Before investigating the presence of the NWA feature, we first investigated the NN model’s ability to predict the common seasonal variations, such as the presence of higher TEC values during the summertime in the corresponding hemisphere. For this purpose, the VTEC maps at UT 0 for DOY 15 and DOY 197 are shown in Figure 5 for the HSA year (top panels) and for the LSA year (bottom panels). The DOY 15 represents a winter day in the Northern Hemisphere, whereas DOY 197 represents a summer day in the Northern Hemisphere.
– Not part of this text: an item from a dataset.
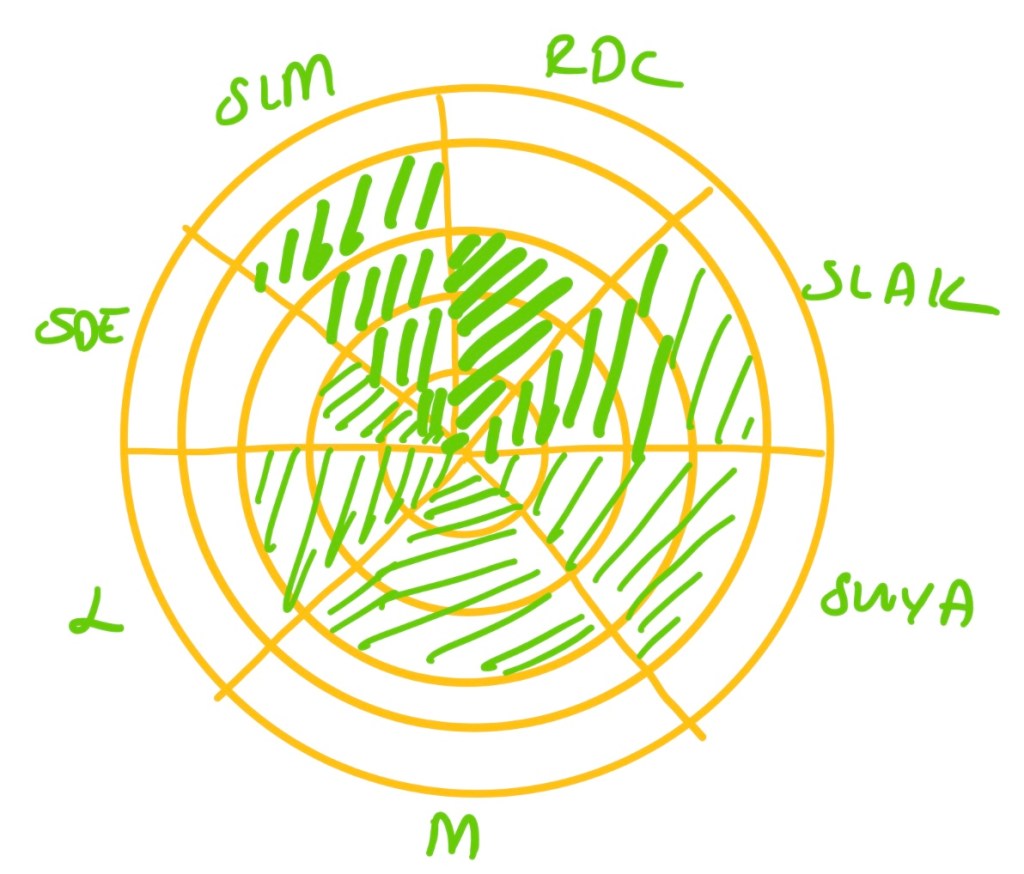 First, let’s start with reflecting on the past week with a new method. This is a method I learned from Ali Abdaal – I think -. I’ve been using this for the past few months and it really helped me to reflect on my life. The idea is that, to be happy and content with your life, you need to have an equal distribution of your time and effort for the areas of your life. (For a wheel to roll, it needs to have an equal radius from the central point.) For example, let’s say that you have three areas of your life that matter the most to you: Relationships, Career, and Kindness. After each week, you draw a circle and divide it into 3 (representing the 3 areas). Then you scale these areas from 1-5 according to the time and work you put into these areas. If they are equal to each other, then it means you maintained balance that week; if they are far apart, for example, if you have 1 for Relationships and 5 for Career, maybe it would be better to focus more on your relationships next week. I know this sounds confusing, but I’ll add one of my wheel of life’s for reference.

Note that the seasons are opposite in the Southern Hemisphere and that the color bars are different for each plot due to the difference in levels of ionization. Figure 5 clearly shows that the background ionization was higher in the hemisphere where it is summer.
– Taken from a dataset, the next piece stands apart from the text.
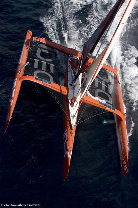 After the disastrous 2002 Route du Rhum when battered by storm force winds all but three of the 18 ORMA 60 starters failed to finish – including our man, who’s trimaran capsized – Joyon changed tack and embarked on a campaign to break the world’s foremost singlehanded ocean records. To do this he acquired Olivier de Kersauson’s 1986 vintage maxi-trimaran, in which de Kersauson with a crew, had spent the previous years attempting to break the Jules Verne Trophy record (although in 1989 de Kersauson himself had sailed this boat around the world singlehanded in a time of 125 days).

The equatorial anomaly, also known as the Appleton anomaly, can be seen as two crests within ~±20 degrees magnetic latitude, also seen in Figure 5. The crests develop in the local morning hours and continue to exist even beyond the sunset [33].
The NWA is a feature that only occurs during LSA periods and nighttime in the middle latitude at certain longitude sectors. As investigated by Jakowski et al. [16,34,35], the NWA is visible in the Northern Hemisphere for the American sector and in the Southern Hemisphere for the Asian longitude sector under low solar activity conditions. During the NWA, the mean ionization level is found to be higher in the winter nights compared to the summer nights. The higher level of ionization during winter nights is caused by the transport of interhemispheric plasma from the conjugated summer hemisphere [16,35]. This happens for longitude sections where the displacement of the geomagnetic equator from the geographic equator is the largest [16], which is in the American and Asian sectors.
Next, we investigated the performance of our NN model in describing the NWA features. For this, the monthly median VTEC values during winter and summer months were computed at certain middle latitude locations. Figure 6 and Figure 7 show the corresponding VTEC plots as a function of the local time. We chose the same two reference geographic locations (30°N, 75°W) and (30°S, 160°E) considered by Jakowski et al. [16] for the NWA investigation. Figure 6 and Figure 7 show that the NWA effect was visible in the reference locations (see top panel plots), whereas it was not visible in the corresponding geomagnetic conjugated locations (50°S, 75°W and 50°N, 160°E) as expected. December 2019 and June 2020 were chosen as winter and summer months, respectively, for the Northern Hemisphere. The seasons are opposite in the Southern hemisphere. It should be noted that the corresponding data were not used in the NN model training.
The left panels of Figure 6 and Figure 7 show the TEC measurements, and the middle and right panels show the corresponding model results. As already mentioned, the NTCM results are included in the right panel for comparison purposes. By comparing monthly TEC variation in the top-left panel of Figure 6, we see that the nighttime (e.g., 21–5 LT) TEC values were higher during the Northern winter (see blue curve). Similarly, the top-left panel of Figure 7 shows that the nighttime (e.g., 0–5 LT) TEC values were higher during the Southern winter (orange curve). A larger TEC difference between the summer and winter months at 30°N, 75°W indicates that the NWA effect was more pronounced in the American sector than in the Asian sector. The results agree well with the results by Jakowski et al. [16] Comparing the middle and right panels with the left panel, we see that the signature of the NWA effect was visible in the NN model but not visible in the NTCM. Although the NN model showed NWA signatures, the magnitude of TEC differences between the summer and winter months was less in comparison to the observed TEC differences.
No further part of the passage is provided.